E costui è mio marito! Ed io porto il nome di questo idiota!

È allora, che il rimorso e la vendetta si fanno alleati inseparabili in quell'anima pentita e alla corona di conte del marito crescon le corna all'infinito. Se la corona è di marchese, le corna fioriscono e rifioriscono con fecondità deliziosa.

* * *

Ma perchè mai, figliuola mia, tormento me stesso descrivendo un marito, che tu non avrai giammai?

Se però tu avrai un santo orrore per tutti gli uomini stupidi, devi imparare a conoscere gli imbecilli incompresi. È una specie pur troppo non rara e che inganna anche i buoni osservatori.

L'imbecille incompreso ha tutto l'aspetto esteriore dell'uomo normale e può perfino simulare un forte ingegno.

È stupido di dentro, ma porta una vernice, che finge l'ingegno.

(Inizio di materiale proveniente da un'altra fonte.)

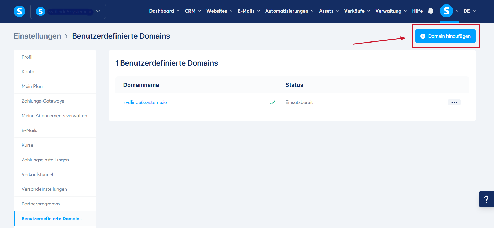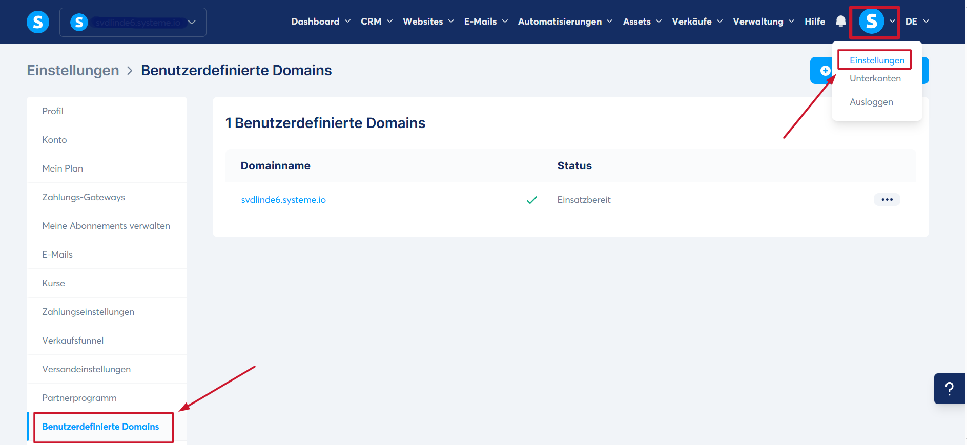 In diesem Artikel erfahren Sie, wie Sie Ihre Subdomain in systeme.io integrieren.
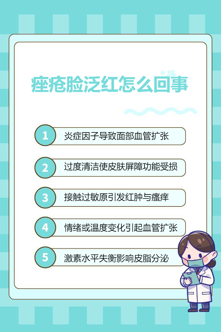1. 炎症刺激:痤疮本身是一种毛囊皮脂腺的慢性炎症性皮肤病,炎症因子会刺激皮肤血管,使其扩张,进而导致脸部泛红。炎症越严重,泛红现象可能越明显,且常伴有痤疮部位的红肿、疼痛等症状。

È nato senza talento, ma con molta furberia, e questa gli ha insegnato per tempo a nascondere ciò che gli manca.

Egli tace molto e volentieri, e tanto più, quando si parla di cose alte, di questioni gravi, nelle quali appunto l'ingegno vero scatta e scintilla.

In queste occasioni l'idiota incompreso corruga la fronte e si fa serio, molto serio e ti accompagna nel tuo discorso con un accennar del capo, come se seguisse con viva curiosità il tuo pensiero.

Quando tu esci con un'affermazione ardita o con una domanda prorompente, egli allora getta nel tuo discorso un energico punto ammirativo, quasi sempre accompagnato da un sorriso malizioso, che sembra covare in sè chi sa quanti pensieri; quante finezze di critico, quante astruserie di dubbii e di sottintesi.